* _TASK OBJECTIVE_
Produce a verbatim copy of the data below that contains no pictures.

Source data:
[Start of Attachment]
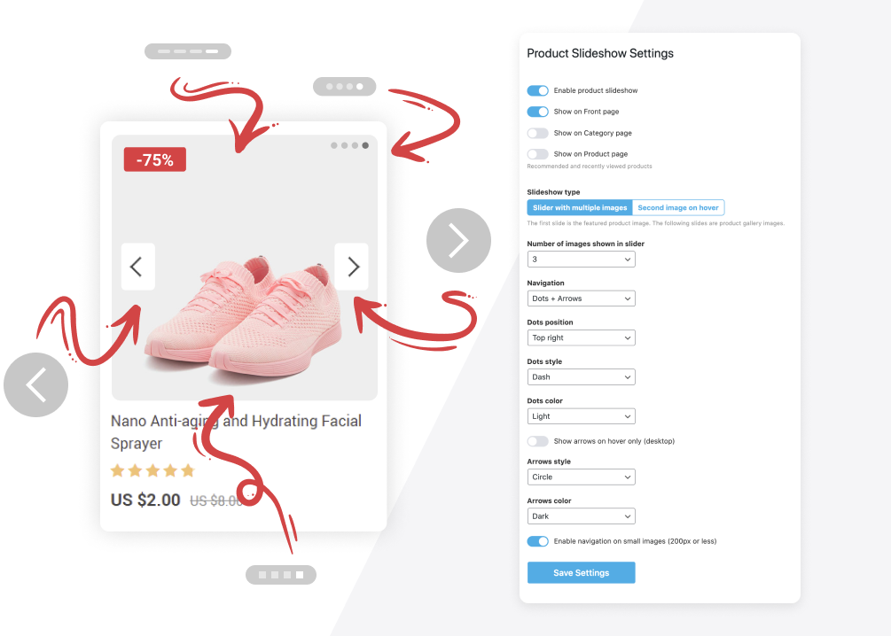 In your settings, you’ll find a few carousel navigation styles to jazz up your product listings. Dots or arrows? Hmm.. maybe both? Circle or square? Light or dark? Top left or bottom right? It’s your turn to decide 😉
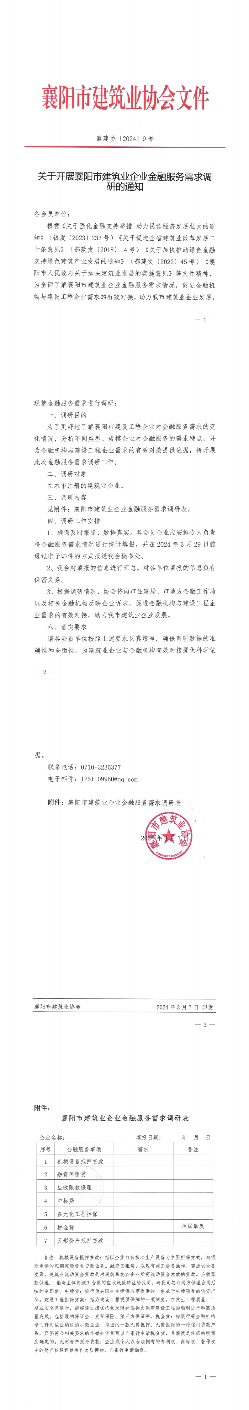 見附件:襄陽市建筑業(yè)企業(yè)金融服務(wù)需求調(diào)研表。
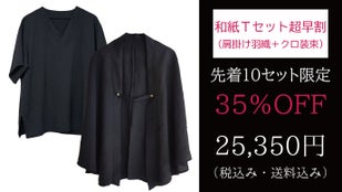 【和紙Tセット超早割:肩掛け羽織 × 1点 クロ装束×1】10セット限定
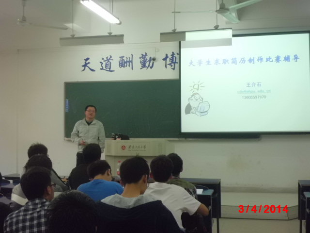 简历制作大赛辅导报告是机械与汽车工程学院大学生职业发展与创新创业活动月的重要内容之一,辅导报告历时一个半小时,在热烈的掌声中圆满结束。
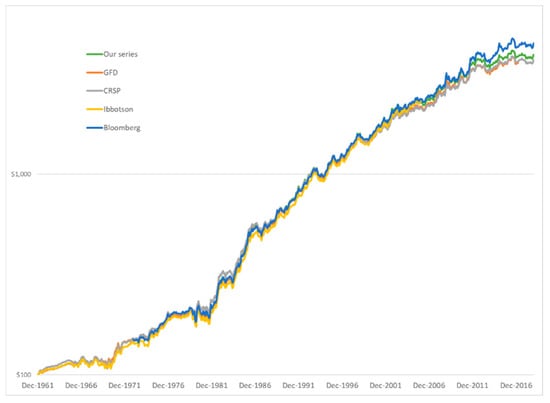 It can be seen that our series is a close match to each of the alternatives, as average returns and risk characteristics are similar. The intercepts of each of the regressions close to zero, and the slope coefficients close to one, with r-squared values above 0.92. Note, however, that the p-values are below 0.05 in several cases, which means that they statistically reject that the series are equal. This is due to the large r-squares, which leads to extremely narrow confidence bounds around the slope coefficient. Hence, even though the coefficients jointly are statistically significantly different from zero and one, they are not economically significantly different. Clearly, the GFD series that is often used in academic research (see, for example, [11,12,13,14]) is extremely close to ours with an r-square of 0.996 over the entire sample period from 1962 to 2018. The closeness of the series is also illustrated in Figure 2, in which we plot the cumulative value of a $100 investment in the Treasury bond at 31 December 1961. We see that the data series are so close that for many periods the lines overlap. Therefore, researchers without access to commercial data providers may use our data series and obtain very similar results to researchers with access.
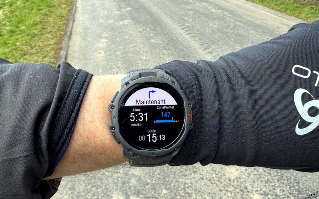 La montre permet d’afficher les informations de turn-by-turn si on les active dans le suivi d’itinéraire (à faire à chaque fois qu’on lance la navigation, comme sur les autres montres de Polar).
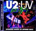 昨年9月から今年3月までラスベガスの新たなコンサート会場Sphereで、1991年のアルバム『Achtung Baby』の記念として計40公演の『U2:UV Achtung Baby Live at Sphere』を終了したU2ですが、そのこけら落としある2023年9月29日の初演がマルチIEM音源完全収録CDで待望の登場!既にこのレジデンシー公演からのIEM音源は4公演がリリースされており、この初日のライヴもオーディエンス録音ではリリースされておりますが、今回マルチIEMと僅かながらオーディエンス録音も加えたレーベル独自のマトリック音源で、薄っすらカウントも聞こえるものの完璧なステレオ・サウンドボード・クオリティの決定盤として満を持してのリリースとなります。何んと言っても記念すべき初日のIEM音源に更にはボーナストラックとして、同年2月27日に行われたボノとエッジにオーケストラを加えてのアコースティック・ライヴ3曲をサウンドボード音源で追加収録しており、最上級の価値を極めたと言えるオススメ必携アイテムです!disc one 01. PRE-SHOW 02. INTRO 03. ZOO STATION 04. THE FLY 05. EVEN BETTER THAN THE REAL THING 06. MYSTERIOUS WAYS 07. ONE 08. UNTIL THE END OF THE WORLD 09. WHO'S GONNA RIDE YOUR WILD HORSES 10. TRYIN' TO THROW YOUR ARMS AROUND THE WORLD 11. ALL I WANT IS YOU 12. DESIRE 13. ANGEL OF HARLEM 14. LOVE RESCUE ME disc two 01. SO CRUEL 02. ACROBAT 03. ULTRAVIOLET (LIGHT MY WAY) 04. LOVE IS BLINDNESS 05. ELEVATION 06. ATOMIC CITY 07. VERTIGO 08. WHERE THE STREETS HAVE NO NAME 09. WITH OR WITHOUT YOU 10. BEAUTIFUL DAY 11. OUTRO Live at Sphere at the Venetian Resort, Las Vegas, Nevada, USA, September 29, 2023 12. VERTIGO 13. S.O.S. 14. ONE Bono & The Edge with the BBC Concert Orchestra :Live at Maida Vale Studios, London, UK, February 27, 2023
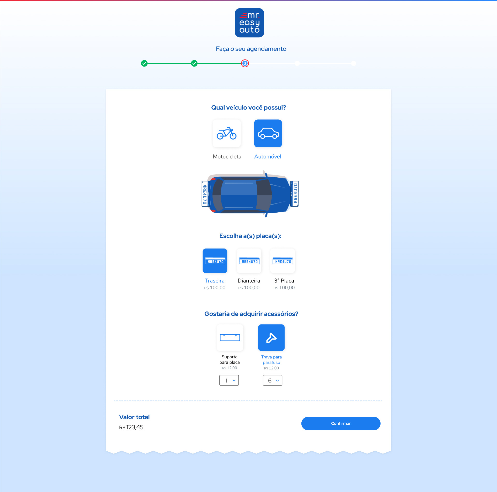 The client had a need to create a new scheduling platform for automotive services, specifically for exchanging license plates to the Mercosur model. The platform also required an admin interface for registering new members, managing appointments, and other functions.
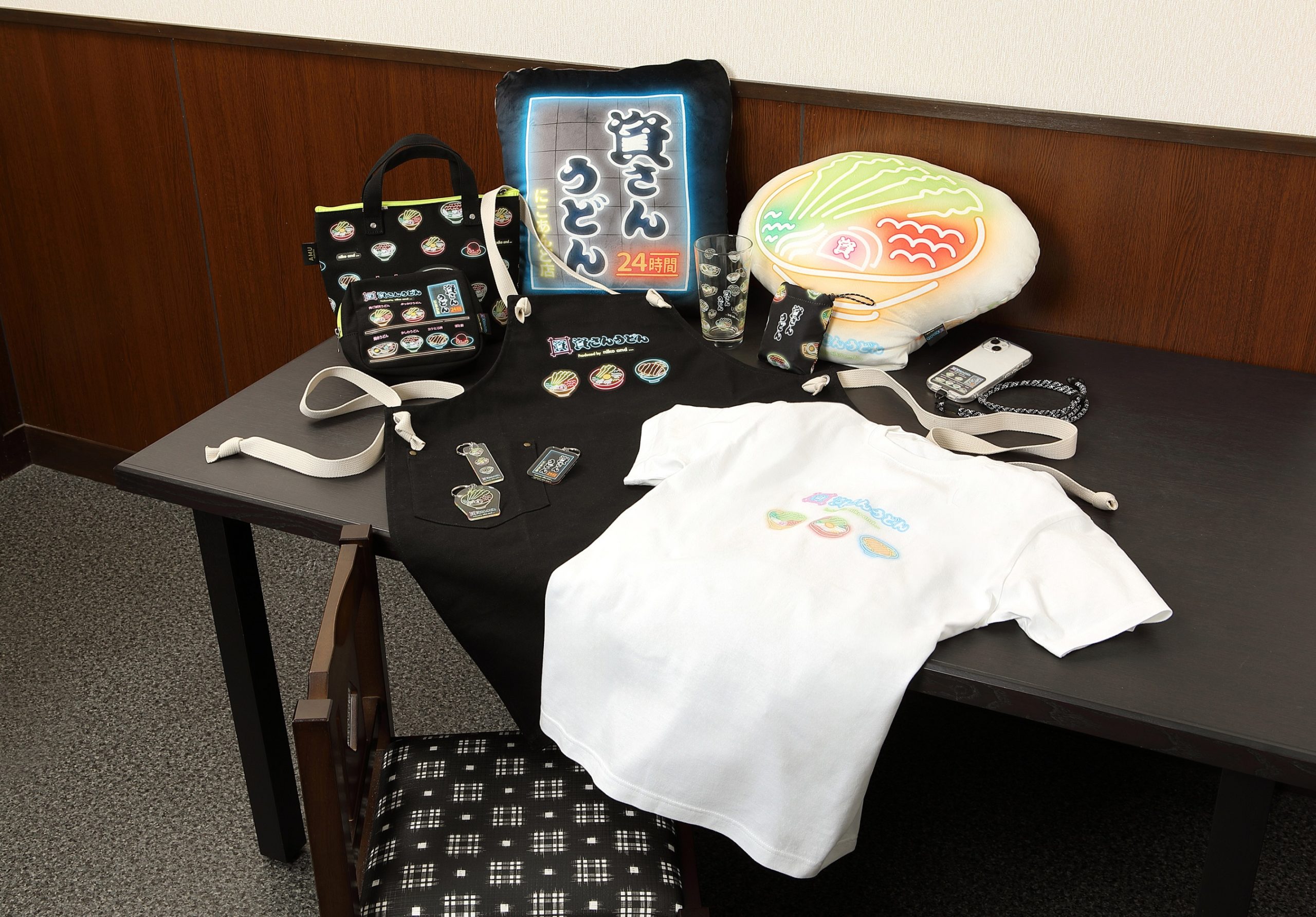 コラボレーションアイテムは、「資さんうどん」の特徴的な“ネオンの看板”をモチーフにデザインしたTシャツやエプロン、人気メニュー“ごぼ天”をデザインに落とし込んだもちもちクッションなど、地元の方はもちろん、誰もがそのユニークさに惹かれ思わず手に取りたくなる全12品番です。
[End of Attachment]
* _EXERCISE SOLUTION_
 In your settings, you’ll find a few carousel navigation styles to jazz up your product listings. Dots or arrows? Hmm.. maybe both? Circle or square? Light or dark? Top left or bottom right? It’s your turn to decide 😉
 見附件:襄陽市建筑業(yè)企業(yè)金融服務(wù)需求調(diào)研表。
 【和紙Tセット超早割:肩掛け羽織 × 1点 クロ装束×1】10セット限定
 简历制作大赛辅导报告是机械与汽车工程学院大学生职业发展与创新创业活动月的重要内容之一,辅导报告历时一个半小时,在热烈的掌声中圆满结束。
 It can be seen that our series is a close match to each of the alternatives, as average returns and risk characteristics are similar. The intercepts of each of the regressions close to zero, and the slope coefficients close to one, with r-squared values above 0.92. Note, however, that the p-values are below 0.05 in several cases, which means that they statistically reject that the series are equal. This is due to the large r-squares, which leads to extremely narrow confidence bounds around the slope coefficient. Hence, even though the coefficients jointly are statistically significantly different from zero and one, they are not economically significantly different. Clearly, the GFD series that is often used in academic research (see, for example, [11,12,13,14]) is extremely close to ours with an r-square of 0.996 over the entire sample period from 1962 to 2018. The closeness of the series is also illustrated in Figure 2, in which we plot the cumulative value of a $100 investment in the Treasury bond at 31 December 1961. We see that the data series are so close that for many periods the lines overlap. Therefore, researchers without access to commercial data providers may use our data series and obtain very similar results to researchers with access.
 La montre permet d’afficher les informations de turn-by-turn si on les active dans le suivi d’itinéraire (à faire à chaque fois qu’on lance la navigation, comme sur les autres montres de Polar).
 昨年9月から今年3月までラスベガスの新たなコンサート会場Sphereで、1991年のアルバム『Achtung Baby』の記念として計40公演の『U2:UV Achtung Baby Live at Sphere』を終了したU2ですが、そのこけら落としある2023年9月29日の初演がマルチIEM音源完全収録CDで待望の登場!既にこのレジデンシー公演からのIEM音源は4公演がリリースされており、この初日のライヴもオーディエンス録音ではリリースされておりますが、今回マルチIEMと僅かながらオーディエンス録音も加えたレーベル独自のマトリック音源で、薄っすらカウントも聞こえるものの完璧なステレオ・サウンドボード・クオリティの決定盤として満を持してのリリースとなります。何んと言っても記念すべき初日のIEM音源に更にはボーナストラックとして、同年2月27日に行われたボノとエッジにオーケストラを加えてのアコースティック・ライヴ3曲をサウンドボード音源で追加収録しており、最上級の価値を極めたと言えるオススメ必携アイテムです!disc one 01. PRE-SHOW 02. INTRO 03. ZOO STATION 04. THE FLY 05. EVEN BETTER THAN THE REAL THING 06. MYSTERIOUS WAYS 07. ONE 08. UNTIL THE END OF THE WORLD 09. WHO'S GONNA RIDE YOUR WILD HORSES 10. TRYIN' TO THROW YOUR ARMS AROUND THE WORLD 11. ALL I WANT IS YOU 12. DESIRE 13. ANGEL OF HARLEM 14. LOVE RESCUE ME disc two 01. SO CRUEL 02. ACROBAT 03. ULTRAVIOLET (LIGHT MY WAY) 04. LOVE IS BLINDNESS 05. ELEVATION 06. ATOMIC CITY 07. VERTIGO 08. WHERE THE STREETS HAVE NO NAME 09. WITH OR WITHOUT YOU 10. BEAUTIFUL DAY 11. OUTRO Live at Sphere at the Venetian Resort, Las Vegas, Nevada, USA, September 29, 2023 12. VERTIGO 13. S.O.S. 14. ONE Bono & The Edge with the BBC Concert Orchestra :Live at Maida Vale Studios, London, UK, February 27, 2023
 The client had a need to create a new scheduling platform for automotive services, specifically for exchanging license plates to the Mercosur model. The platform also required an admin interface for registering new members, managing appointments, and other functions.
 コラボレーションアイテムは、「資さんうどん」の特徴的な“ネオンの看板”をモチーフにデザインしたTシャツやエプロン、人気メニュー“ごぼ天”をデザインに落とし込んだもちもちクッションなど、地元の方はもちろん、誰もがそのユニークさに惹かれ思わず手に取りたくなる全12品番です。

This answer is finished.